Winter Park breaks ground on Seven Oaks Park, will seek performance space proposals

After the ceremony the City Commission held a work session and signaled it will ask developers to submit concepts for a piece of the park

By Beth Kassab

A crowd gathered Thursday morning under a tent to break ground at Seven Oaks Park surrounded by the namesake Live Oaks taking root along the perimeter of the wedge-shaped lot that comes to a point at Orange Avenue and Denning Drive.

“In the future you won’t need the tent, the trees will provide the shade,” said Larry Adams, principal at ACI Architecture, who designed the city’s newest park and has been involved in the concept from the start, creating the first set of blueprints pro bono.

A construction manager is expected to be chosen for the 2.4-acre project soon, Winter Park Mayor Phil Anderson said. Renderings call for the greenspace to become a community gathering spot that also helps link Mead Botanical Gardens with Martin Luther King Jr. Park.

Anderson called the park a “three-year work in progress” after delays brought by the pandemic and hurricanes and noted the mature oaks planted last year at the site formerly known as Progress Point are a “symbolic start to putting something in place that will last for generations.” Anderson said Seven Oaks Park is due to open in mid-2024.

In a nod to the city’s love of its tree canopy, Anderson declared April 13 “Arbor Day” for Winter Park, and the Urban Forestry department gave away trees to residents.

Steve Goldman, chairman of the Winter Park Land Trust, thanked city officials and others who helped shepherd the project along to provide a green refuge from concrete and traffic. “It takes a village,” said Goldman, who is also a founder and financial supporter of the Winter Park Voice.

  • Facebook
  • Twitter
  • reddit

Mayor Phil Anderson gives remarks at the groundbreaking for Seven Oaks Park.

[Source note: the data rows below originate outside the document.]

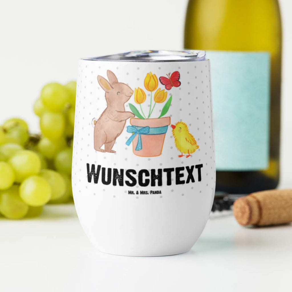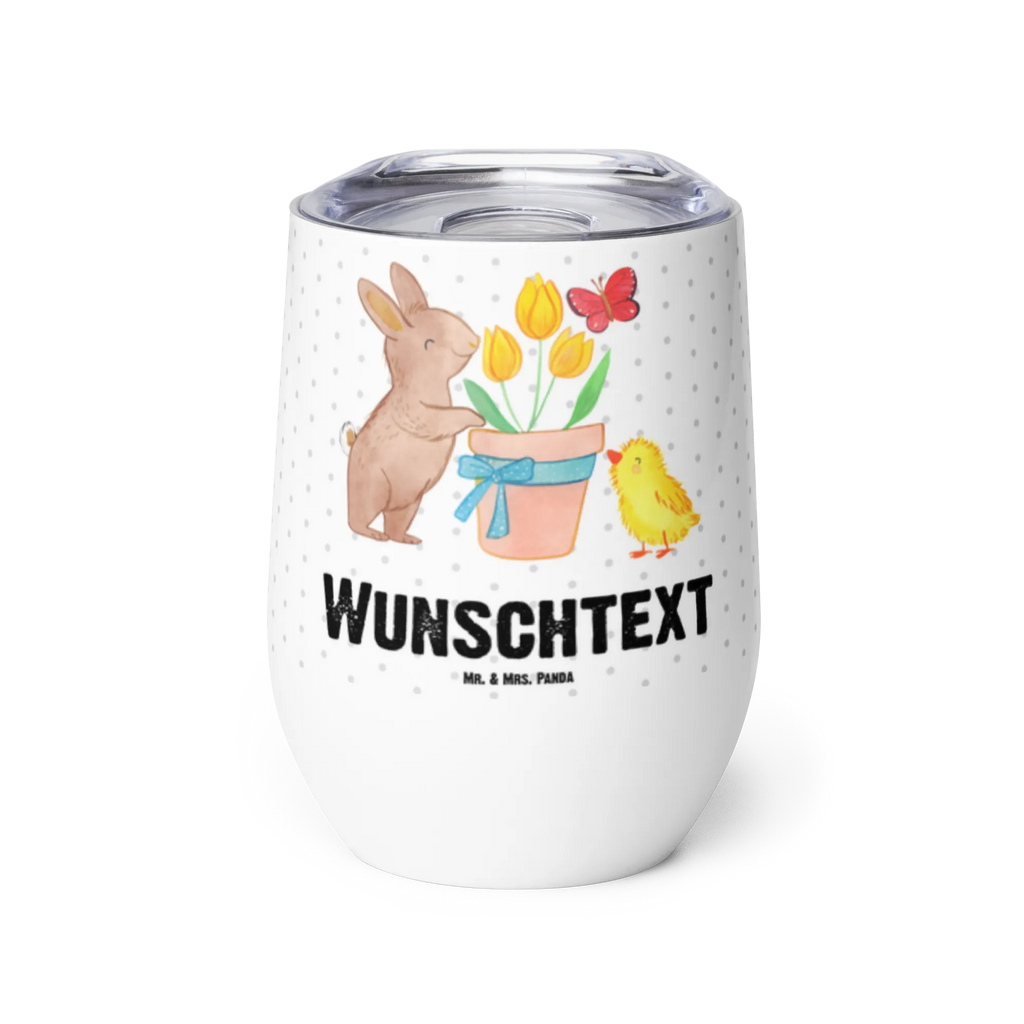 Das niedliche Motiv mit dem fröhlichen Hasen und dem kleinen Küken um die bunten Tulpen zaubert jedem ein Lächeln ins Gesicht und ist eine tolle Ergänzung für das Osterfrühstück oder gemütliche Abende mit Freunden. Ob für die Schwester, die beste Freundin oder sogar als Ostergeschenk für Kinder - dieser Weinbecher begeistert jeden!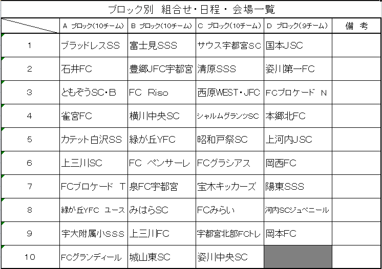 宇都宮市:石井グランド、平出サッカー場、白沢グランド、市内小学校グランド、 他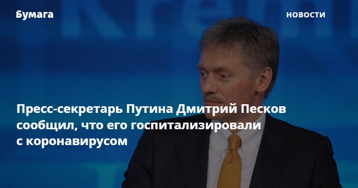 Пресс-секретарь президента России Владимира Путина Дмитрий Песков госпитализирован с коронавирусом. Об этом пишут «РИА Новости» со ссылкой на заявление Пескова.

Just hours later Anderson and city commissioners moved beyond symbolism to the nitty gritty of how they want a specific area of the park developed.

For months, Winter Parkers have debated whether the Winter Park Playhouse should move to Seven Oaks Park since its leaders announced the popular theater would lose its lease next year.

Commissioner Todd Weaver proposed a concept that called for the playhouse to be built above the parking lot at the new park along with solar panels.

That idea appeared to gain traction with commissioners, who agreed at the work session that they would soon formally vote on asking for proposals for performance spaces combined with a potential café or other uses in the airspace above the parking lot area.

Heather Alexander, founder and executive director of the playhouse, said she planned to submit a proposal. The building would be paid for by the playhouse and would not require public dollars, she said. But if the theater ever left the park, the building would belong to the city.